Why universal health coverage is crucial for an effective AIDS response

Doctor Uganda
Last updated on: 27 February 2024

What is universal health coverage?

The concept of universal health coverage or UHC goes back to the World Health Organization’s (WHO) Constitution of 1948 declaring health a fundamental human right. It means that all people receive the quality, essential health services, they need, without falling into poverty because of health expenses. UHC can be broken down into three dimensions:

  1. Who is covered? We need to make sure this includes marginalised communities such as children, LGBT, people living with diseases, people who use drugs, sex workers and young women and girls affected by HIV.
  2. What is covered? It should include the full range of health priorities and good quality health services including HIV prevention, treatment and care.
  3. How is it covered? It should be financed as much as possible through greater public financing for healthcare, including through social health insurance contributions, and general government revenues (tax financing). Out-of-pocket spending should be reduced as accessing health care should not be dependent on the ability to pay.

UHC a priority across the globe

UHC has become a key global health priority at global level and in an increasing number of countries ever since the 2012 United Nations Resolution on UHC and the adoption of the Sustainable Development Goals (SDGs).

Many countries across the world, at all levels of development, are embracing UHC as the right thing to do for their citizens, providing an integrated approach to health.

In most countries, except for very low-income countries, UHC will be mostly funded through domestic resources, without or with very limited external donor support. This means increasing pressure on health budgets and scarce resources being spread across a wide variety of health priorities.


What does the transition to UHC and domestic funding mean for HIV/AIDS?

Each country will have to make important decisions on how HIV services will be funded and how the availability, affordability, and quality of HIV treatment is guaranteed. Different options will be considered, including the inclusion of HIV treatment in national health insurance schemes, the use of specialised government funds, or a specific tax to cover HIV-related health costs.

However, UHC must not just be about treatment and medicines. Its success also depends on the delivery of all other interventions that are critical for good health, in particular prevention and other non-medical interventions, such as awareness-raising, advocacy, treatment adherence support or linking key populations to friendly health services.

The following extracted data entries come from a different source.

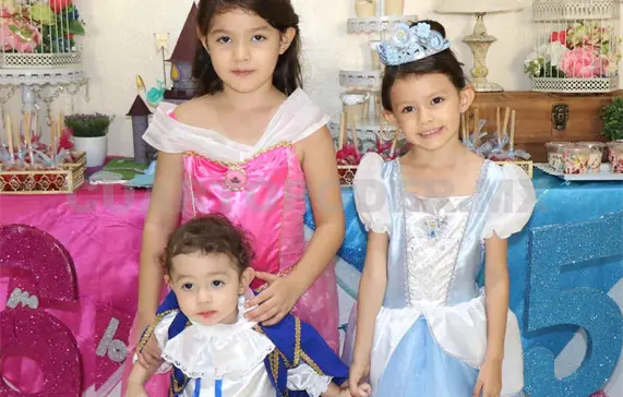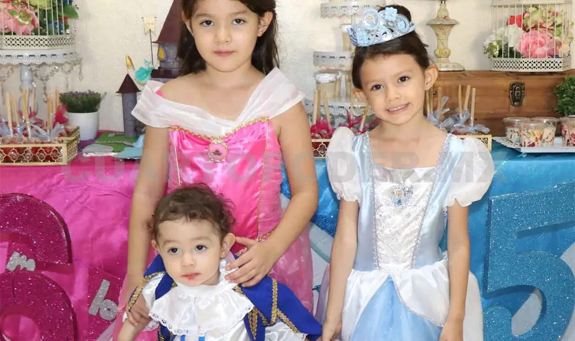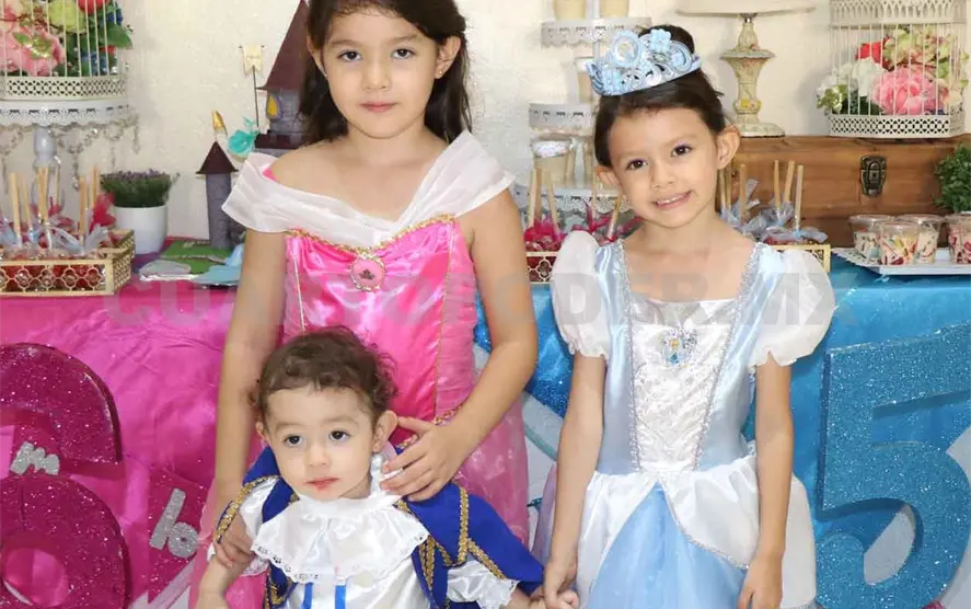 Las hermanitas Ámbar y Jade eligieron para su fiesta de cumpleaños los atuendos de sus princesas favoritas, Aurora y Cenicienta, respectivamente. Las pequeñas estuvieron felices de ver a todas sus invitadas luciendo como princesas y a su hermanito como un príncipe. En la celebración todos se divirtieron con el show y disfrutaron momentos muy emotivos como el vals de las festejadas con su papá y su hermanito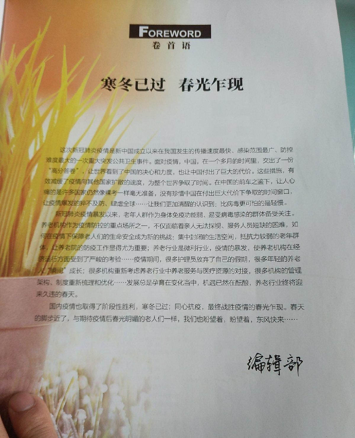 杂志将秉承“为养老行业提供决策参考与交流平台”的办刊理念,帮助读者了解中国养老行业发展过程中出现的新问题、新现象、新观点;党和国家关于养老方面新的方针与政策;社会养老工作中涌现的新人物与新事迹;社会养老行业的新动态与新理论;国外社会养老机构的新模式与新经验。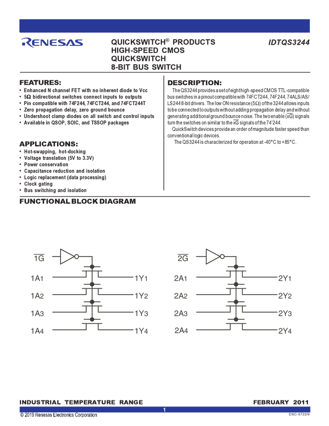 QS3244 High-Speed CMOS QuickSwitch 8-Bit Bus Switch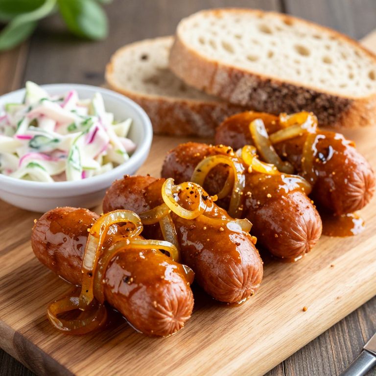 A gourmet twist on curryworst with artisanal sausage topped with spicy curry sauce and caramelized onions, served on a wooden board with artisan bread slices and side of tangy slaw, photographed with shallow depth of field highlighting textures and vibrant hues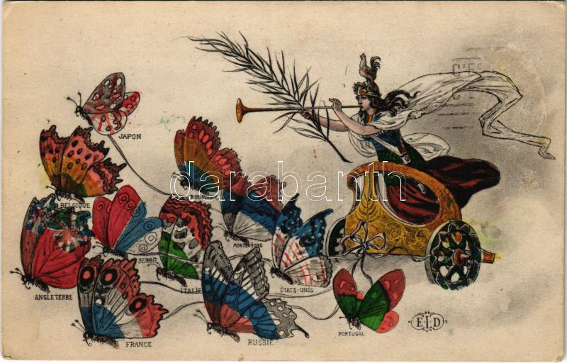 1918 French Triple Entente Powers propaganda art postcard with butterf... https://www.darabanth.com/de/444-Fernauktion/444.0/Ansichtskarten/Propaganda-Politik~2000061/1918-French-Triple-Entente-Powers-propaganda-art-postcard-with-butterflies-EK~II2929982

Many of these interventions are delivered outside of health systems by local civil society and community actors, which are mainly funded through external donors. The question is what will happen when donors leave, and governments are not able or willing to support civil society or communities in the delivery of these critical activities.

We must get serious about reducing the barriers that key populations and other marginalised, stigmatised and excluded groups face accessing life-saving HIV and other health services due to persistent stigma, discrimination, criminalisation and human rights violations against them. There will be no UHC without the elimination of discriminatory laws and policies and consistent efforts to decriminalise HIV transmission, sex work, drug use, or same-sex relationships. 

Finally, we must push for active and meaningful involvement of civil society in UHC based on the principle “nothing about us without us”, which has guided the AIDS response for four decades. Civil society and communities have a critical role to play in advocacy, research, service delivery and in holding governments to account, especially when it comes to the rights of the most marginalised people in society.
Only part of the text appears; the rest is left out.